Lesson 5: Exploring Multiple Modalities with CLIP

CLIP: Introduction

CLIP: - concepts - embedding text and images - measuring similarity - Use as a loss (imstack demo) - Need for transformations - export some functions for later - CLOOB

CLIP (Contrastive Language-Image Pre-training) is a method created by OpenAI for training models capable of aligning image and text representations. Images and text are drastically different modalities, but CLIP manages to map both to a shared space, allowing for all kinds of neat tricks.

clip diagram

During training, CLIP takes in image-caption pairs. The images are fed through an image encoder model (based on a resnet or ViT backbone) and transformed into an embedding vector (I in the diagram above). A second model (typically a transformer model of some sort) takes the text and transforms it into an embedding vector (T in the diagram).

Crucially, both these embeddings are the same shape, allowing for direct comparison. Given a batch of image-caption pairs, CLIP tries to maximize the similarity of image and text embeddings that go together (the blue diagonal in the diagram) while minimizing the similarity between non-related pairs.

In this lesson we’re going to explore some of the use-cases for a model like this, using an open CLIP implementation called OpenCLIP. If you’d like to read some more background on OpenCLIP and see some benchmarks I ran with some of the pretrained models, check out this report I wrote on the subject.

Loading CLIP models with OpenCLIP

You can use pretrained CLIP models in a few different ways. There is OpenAI’s github repository or the HuggingFace implementations, but I like the OpenCLIP project which includes both OpenAI versions and a number of new models trained in the open on public datasets like LAION.

Let’s import the library and see what models are available:

import open_clip

print(open_clip.list_pretrained())
[('RN50', 'openai'), ('RN50', 'yfcc15m'), ('RN50', 'cc12m'), ('RN50-quickgelu', 'openai'), ('RN50-quickgelu', 'yfcc15m'), ('RN50-quickgelu', 'cc12m'), ('RN101', 'openai'), ('RN101', 'yfcc15m'), ('RN101-quickgelu', 'openai'), ('RN101-quickgelu', 'yfcc15m'), ('RN50x4', 'openai'), ('RN50x16', 'openai'), ('RN50x64', 'openai'), ('ViT-B-32', 'openai'), ('ViT-B-32', 'laion400m_e31'), ('ViT-B-32', 'laion400m_e32'), ('ViT-B-32', 'laion2b_e16'), ('ViT-B-32', 'laion2b_s34b_b79k'), ('ViT-B-32-quickgelu', 'openai'), ('ViT-B-32-quickgelu', 'laion400m_e31'), ('ViT-B-32-quickgelu', 'laion400m_e32'), ('ViT-B-16', 'openai'), ('ViT-B-16', 'laion400m_e31'), ('ViT-B-16', 'laion400m_e32'), ('ViT-B-16-plus-240', 'laion400m_e31'), ('ViT-B-16-plus-240', 'laion400m_e32'), ('ViT-L-14', 'openai'), ('ViT-L-14', 'laion400m_e31'), ('ViT-L-14', 'laion400m_e32'), ('ViT-L-14', 'laion2b_s32b_b82k'), ('ViT-L-14-336', 'openai'), ('ViT-H-14', 'laion2b_s32b_b79k'), ('ViT-g-14', 'laion2b_s12b_b42k'), ('roberta-ViT-B-32', 'laion2b_s12b_b32k'), ('xlm-roberta-base-ViT-B-32', 'laion5b_s13b_b90k')]

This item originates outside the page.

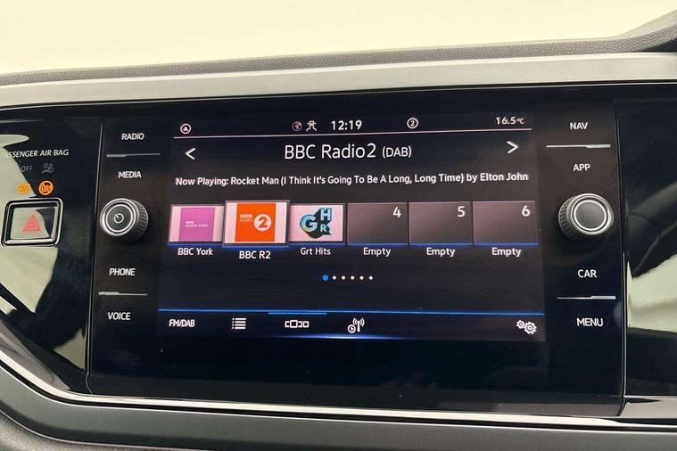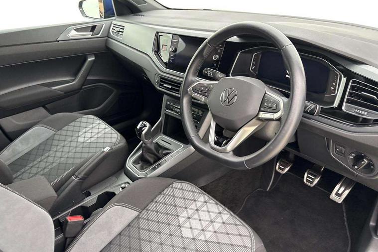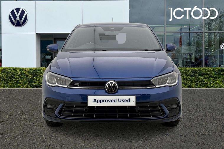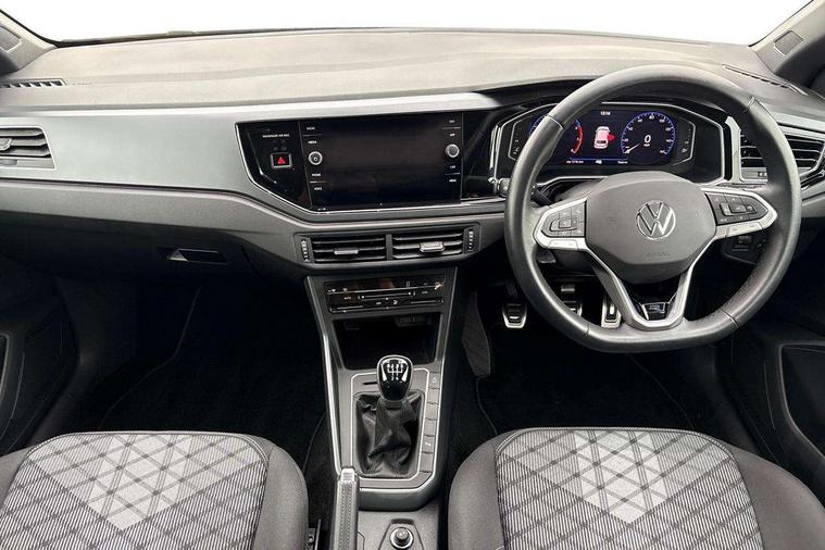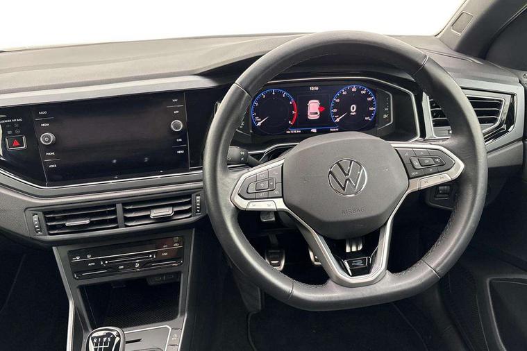 Adaptive cruise control without follow-to-stop and speed limiter, Advanced driver attention and drowsiness monitor, Bluetooth mobile phone interface, Digital Cockpit Pro with 10.25" Display, Dynamic road sign display, Emergency call service, Power assisted speed sensitive steering, Preparation for We connect and We connect plus, Speedo and rev counter, electronic odometer, trip, service interval display and fuel gauge, Standard rear axle, Travel Assist - Lane keeping system and traffic jam assist, Travel assist including emergency assist, Trip computer, Warning signal and warning light for front and rear seatbelts not fastened, Washer fluid level indicator, Wireless app connect, Front wheel drive, Rear shock absorpion, Start-stop system with battery regeneration (recuperation - energy recovery during braking), DAB Digital radio, Diversity antenna for FM reception, Front and rear 6 speakers, Auto headlights, Body colour bumpers, Body colour door handles, Body colour door mirrors, Electric front windows, Front scuff plates with R-Line logo, Heat insulating glass in side and rear windows, Heat insulating glass windscreen, Power folding adjustable/heated exterior mirrors and front passenger exterior mirror lowering function, Rear electric windows, Rear fog light, Rear side wing doors, Rear tinted glass from B-pillar backwards approx 65% tinted, Rear windscreen washer and wiper with interval delay, Third brake light, 12V power socket in centre console, 2 USB-C ports in the front, 2 USB-C charging sockets on the center console in the rear, 3 rear head restraints, 60/40 split folding rear seat and rear seat bench not split, Air care climatronic air conditoning system with active combination filter and 2-zone temperature control, Black roof lining, Chrome plated radiator grille inserts, air vent surrounds and light switch surrounds, Door and side trim panel, Driver and front passenger seat height adjustment, Driver/passenger sunvisors with illuminated vanity mirrors, Front + rear carpet mats in recycled material, Front centre armrest, Front footwell illumination, Front seat backrest storage pockets, Front sports comfort seats, Handbrake lever handle in leather, Headliner in recycled material, Isofix child seat preparation easy-fit (for two outer rear seats, and front passenger seat) compatible with I-size, Karoso artvelours cloth upholstery, Leather trimmed gear knob, LED interior light with switch off delay and dimmer, 2 reading lights front and rear, Luggage compartment cover, Luggage compartment floor, Luggage compartment lighting, Lumbar adjustment for front seats, Multifunction steering wheel, Single front passenger seat, Stainless steel pedals, Standard pedal cluster, Light and sight pack - Polo R-Line, 3 point height adj front seatbelts + pretensioners, 3x3 point rear seatbelts, ABS, Driver and front passenger airbag with front passenger airbag deactivation, Drivers and front passengers safety optimised head restraints, ESC (Electronic stability control) + EDL (Electronic Differntial lock) and ASR (Traction control), Extended and predictive pedestrian/ cyclist protection, Front curtain and side airbags with center airbag, Hill hold control, Manual child lock in rear doors, Single tone horn, Tyre pressure loss indicator, Alarm with interior protection, Anti-theft alarm system with interior monitoring, backup horn, and towing protection, Anti-theft wheel bolts, Electronic engine immobiliser, Chrome applications on rotary light, mirror adjustment, window regulator switches, outlet with frame in black, Dark grey anodised matt decorative inserts in dash and front door panels, Low rolling resistance tyres,

Following the demo code on GitHub, here’s how we load a model:

model, _, preprocess = open_clip.create_model_and_transforms('ViT-B-32-quickgelu', pretrained='laion400m_e32')
100%|████████████████████████████████████████| 605M/605M [00:05<00:00, 109MiB/s]

Aside: Model Naming

What does ‘ViT-B/32’ mean? This uses a Vision Transformer (ViT) as the image encoder, with an image patch size of 32 (larger patch size means fewer patches per image at a given size, and thus faster/smaller models) and the ‘Base’ size model. I believe the size order is ‘Base’ (B), Large (L), Huge (H) and ginormous (g) but don’t quote me on that! Generally the larger models with the smaller patch sizes will need more memory and compute in exchenge for better performance. Most models were trained on 224px input images but there are variants trained on larger image sizes - again they will be more computationally expensive to run. ‘RN50’ style names mean the vision encoder is based on a Resnet50 architecture instead of a vision transformer.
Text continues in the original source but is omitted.